6.5.2 Charging of special edges

These edges are never charged, as their endpoints are both non-boundary. Also, these cannot be \(K_5\) degree edges by definition. So the expected decrease is equal to the expected reduction, which is at least \( \boxed {p_{sp}\tau = \frac{\tau }{36}.}\)

6.6 Charging of \(K_5\) degree edges

\(K_5\) degree edges have an initial decrease of exactly \(p\gamma \), as they are neither special nor half-special. We will use the following lemma, whose proof is straightforward.

Lemma 6.6

Let \(G{\langle \!\langle S \rangle \!\rangle }=K_5\). Let f be an external edge and u be the boundary vertex that is one of its endpoints. Then

$$\begin{aligned} Pr(u \text { odd}\mid f \text { reduced}) = \frac{1}{2}. \end{aligned}$$

We will factor in this probability into the charging of \(K_5\) degree edges below.

  1. 1.

    All external edges are non-\(K_5\) degree edges. Since the edge being charged is a \(K_5\) edge, Lemma 6.5 gives us a worst-case expected charge of \(p\cdot \frac{2\tau }{3}\). However, factoring in \(Pr(u \text { odd}\mid f \text { reduced})=\frac{1}{2}\) for every external edge f, we have a worst-case expected charge of \(p \cdot \frac{2\tau }{3} \cdot \frac{1}{2}\), which by (9) gives us an expected net decrease of at least

    $$\begin{aligned} \boxed {p\gamma - p\frac{\tau }{3}.} \end{aligned}$$
  2. 2.

    All external edges are \(K_5\) degree edges. Using similar reasoning as above, we have a worst-case expected charge of \(p \cdot \frac{2\gamma }{3} \cdot \frac{1}{2}\), which gives us an expected net decrease of at least

    $$\begin{aligned} \boxed {p\gamma - p\frac{\gamma }{3}.} \end{aligned}$$
  3. 3.

    All external edges are cycle edges. Using the same reasoning as above, we get an expected net decrease of at least

    $$\begin{aligned} \boxed {p\gamma - p \frac{\beta }{3}.} \end{aligned}$$
  4. 4.

    The external edges are a combination of non-\(K_5\) degree edges, \(K_5\) degree edges, and cycle edges. An argument as in the previous section shows that the three cases above are the only possible worst cases.

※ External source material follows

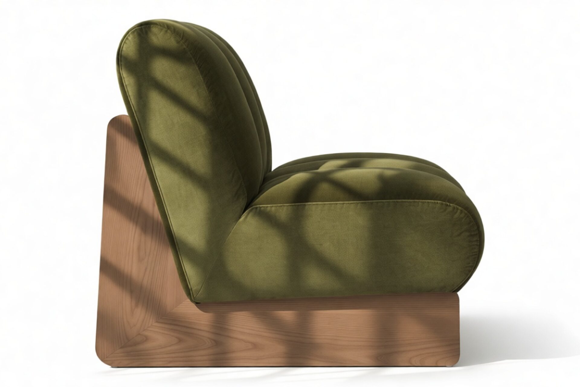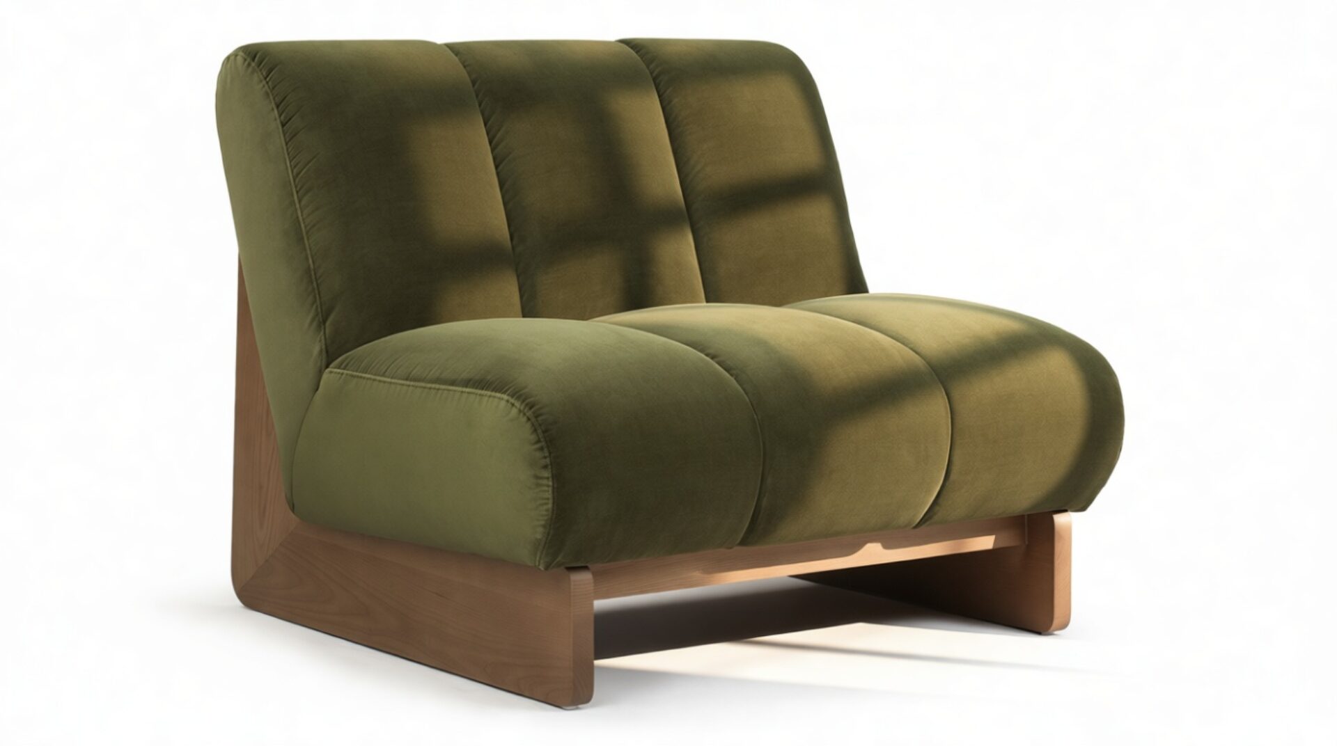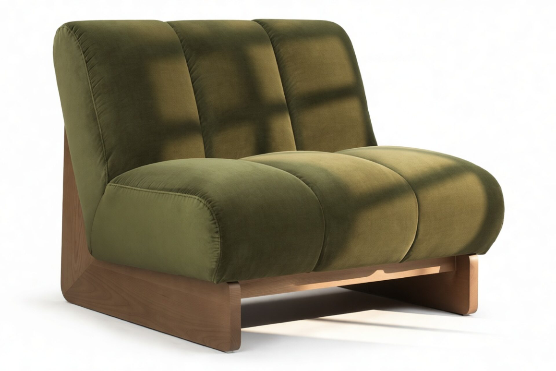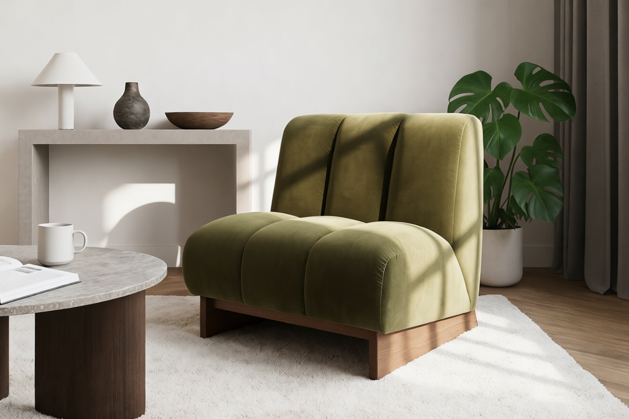 Experience the pinnacle of mid-century elegance with the Nala Lounge Chair. Featuring a low-profile silhouette, channel-tufted upholstery, and a sleek sled-style walnut base, this chair radiates an aura of refined luxury that demands attention.

6.7 Setting the parameters

For fixed \(\lambda \), finding the optimal values of \(\beta , \gamma , \tau \) can be done with a linear program. In particular, we maximize the minimum expected decrease \(\delta \), which is the minimum of the boxed expressions in §6.3 and Sect. 6.4. The additional constraints are that \(\tau \le \gamma \le \beta \), \(\beta \le \nicefrac {1}{12}\), \(\beta \ge 2\tau \), and \(\beta \ge 2\gamma \). We then optimize over \(\lambda \). This gives \(\lambda = 0.4715\), \(\beta = \nicefrac {1}{12}\), \(\gamma = 0.0401\), \(\tau = 0.0355\), and \(\delta = 0.0008475\). We have \(\varepsilon = 2\delta = 0.001695\), proving Theorem 4.3.